AquaFloc is a three year project funded by a Natural Environment Research Council (NERC) Standard Project Grant. Beginning in November 2016, the Project aims to use a suite of interdisciplinary imaging techniques combined with numerical modelling in order to answer how the physical properties of composite particles formed in suspension by flocculation processes affect their hydrodynamic behaviour and eventual fate, i.e., floc transport and mass settling flux.

Flocs influence a wide array of environmental phenomena, from the transport of sediments, contaminants and biological matter within rivers and estuaries, to the effective removal of impurities during industrial drinking and waste water treatment.
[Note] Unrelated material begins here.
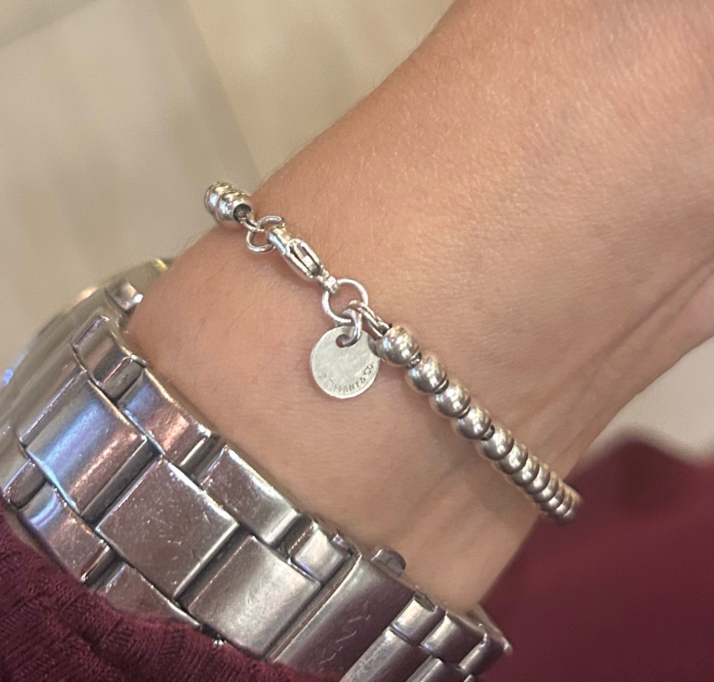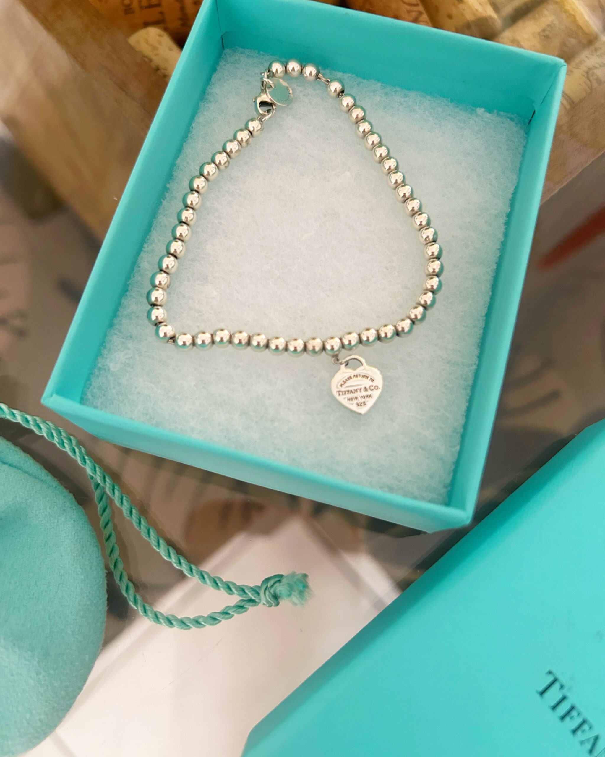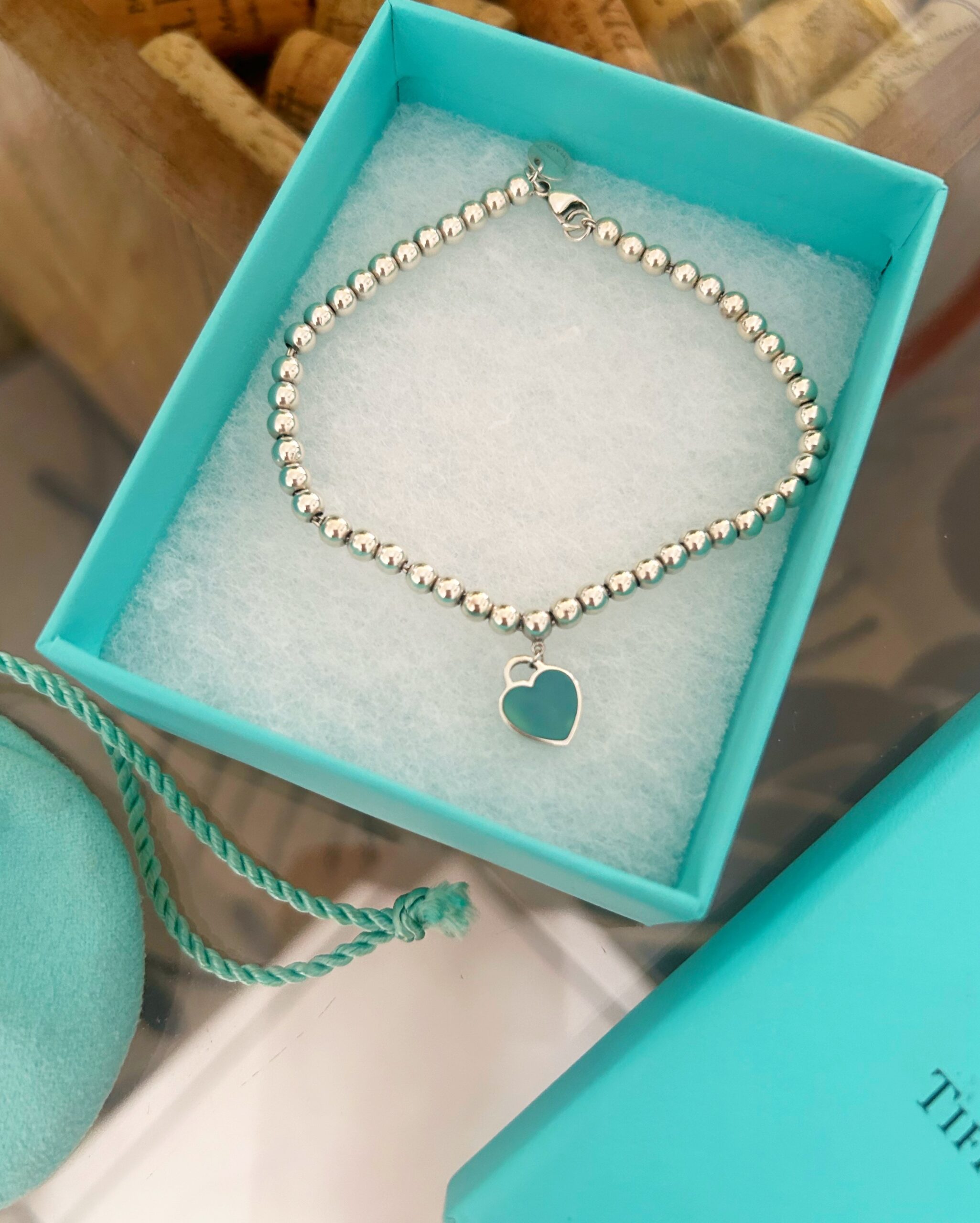 Pulseira em contas Tiffany&C0 original. Confeccionada em prata 925, coleção Return to Tiffany. Em ótimo estado de conservação, acompanha saquinho e caixa da marca.

Reliable models describing the hydrodynamic behaviour of flocs are therefore critical to making informed management decisions. Yet, flocs are highly dynamic and their physical properties (e.g., size, shape and structure etc.), which vary both spatially and temporally, often span several orders of magnitude in scale, i.e., the nanometre to millimetre-scale. This makes their characterisation for modelling problematic.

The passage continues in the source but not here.